The New Reform Machzor

Rabbi Dr. Edwin C. Goldberg

As a member of the editorial team creating the new High Holy Day prayer book, I can report on behalf of all of us that we are not creating a book, per se, so much as a sacred component that is part of the solution to a problem (or set of problems). Therefore, before any decisions could be made concerning the book itself, we needed to make sure we accurately defined the problem. So we began by spending a number of months devising a vision statement. This statement not only reflects the solution we would be proposing in the form of a sacred book, but also the challenges such a book would seek to address.

The editorial committee that produced this statement consisted of Rabbis Janet Marder, Sheldon Marder, Leon Morris, Elaine Zecher, Hara Person, Cantor Evan Kent and myself.

Here is how the Vision Statement begins:

Teshuvah is the chief goal of the Yamim Nora’im, and a machzor is our indispensable manual and guide. We aim to create a machzor that will serve Reform Jews as they seek repentance, new direction, and a sense of return to God and the Jewish people.
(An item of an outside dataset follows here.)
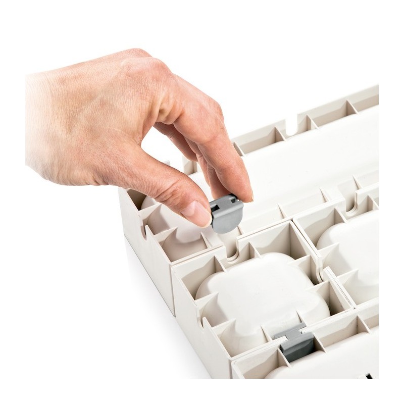 As bases e conectores para bandejas FlexiSPACE, nas quais pode ordenar de maneira simples os utensílios de cozinha, são um complemento útil para aproveitar ao máximo os espaços.

We envision a 21st century machzor that…

  • provides meaningful liturgy to those who pray regularly, and welcomes those who are new to Jewish spirituality and practice;
  • inspires Reform Jews to participate in the multifaceted experience of the Yamim Nora’im— from feelings of awe to moments of solace, from the solitude of contemplation to the solidarity of song and worship;
  • draws from the deep wellsprings of Jewish liturgy, history, thought, music, interpretation and creativity;
  • guides worshipers, in accessible ways, through the journey of teshuvah and cheshbon hanefesh;
  • values continuity and incorporates the outlook of the 21st century Reform Jewish community of North America;
  • bridges the personal and the communal, the ritual and the ethical dimensions of the Yamim Nora’im.

What do we learn from this excerpt of the Vision Statement?
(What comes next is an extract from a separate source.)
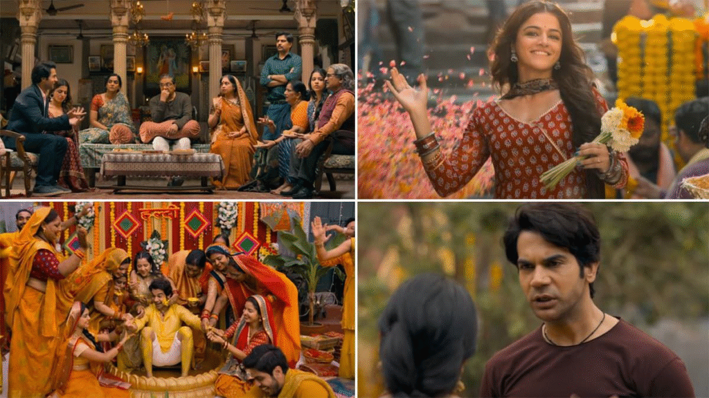 राजकुमार राव हमेशा की तरह अच्छा काम करते हैं। वो रंजन तिवारी के रोल में फिट बैठते हैं। उनका बनारसी अंदाज़ और बोलने का तरीका अच्छा लगता है।वामीका गब्बी का किरदार भी मजबूत है। वो तितली के रोल में है – एक ऐसी लड़की जो अपने हक के लिए लड़ना जानती है।सीमा पाहवा, रंजन की माँ के रोल में हैं। वो अचार बेचती हैं और अपने घर को संभालती हैं। उनका अभिनय शानदार है।रघुवीर यादव, रंजन के पापा बने हैं। वो ज़्यादातर टाइम छत पर बैठे रहते हैं और दोस्तों के साथ मस्ती करते रहते हैं।संजय मिश्रा और इष्टियाक़ खान जैसे अच्छे कलाकार भी फिल्म में हैं, लेकिन उन्हें ज़्यादा करने का मौका नहीं मिलता।

In designing a machzor we find it helpful to begin with the end in mind. Specifically, by the end of Yom Kippur how will the worship experience affect the worshippers? How will their lives have changed? What will be different? The simple answer is to suggest that teshuvah will have occurred, but what does this mean? Certainly it seems impossible to measure the inner life of a person, so would we even know if we had succeeded? Such is the work of rabbis that we will never know for sure if the experiences we provide lead to the results we desire. Nevertheless, even if we cannot know for certain where people end up, we most assuredly should design the best “map” possible. Hence our machzor will be designed to lead the worshiper to an end in which the various services build up to a climax where painful truths are realized, change is considered and adopted, and the individual leaves with a plan or at least with the aspiration for self-improvement.

The diversity of our movement means that people come in to our doors with such widely different experiences, expectations and needs, One aspect of our approach is to offer diverse views of God so that worshipers can find a model that work for them as well as be exposed to other views of God. The more traditional, hierarchical view is offered as well, in keeping with the essential message and tone of these days. Therefore we know the greatest challenge of the book will most likely be how to reflect this tradition while at the same time not turning off all those who cannot reconcile such views with the God in which they want to believe.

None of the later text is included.